§ **The task**: Exactly as written, retype the listing below, omitting the pictures.

§ **Collected data**:
[Start of Attachment]
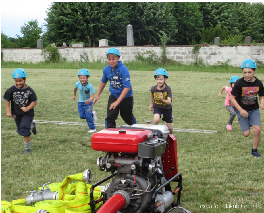
Text a foto Jakub Čermák

Na závěr bych chtěl poděkovat SDH Velký Újezd, SDH Horní Beřkovice, Fk Nebužely, hospodě v sokolovně a Tereze Cerhové za pomoc při přípravě i v průběhu celého dne. ■
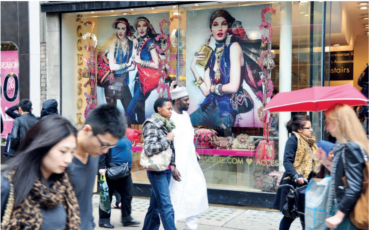
Il. 3. Ulica w mieście wielokulturowym. Oxford Street, Londyn, 2010
[End of Attachment]
§ **Exercise output**:
Text a foto Jakub Čermák

Na závěr bych chtěl poděkovat SDH Velký Újezd, SDH Horní Beřkovice, Fk Nebužely, hospodě v sokolovně a Tereze Cerhové za pomoc při přípravě i v průběhu celého dne. ■
Il. 3. Ulica w mieście wielokulturowym. Oxford Street, Londyn, 2010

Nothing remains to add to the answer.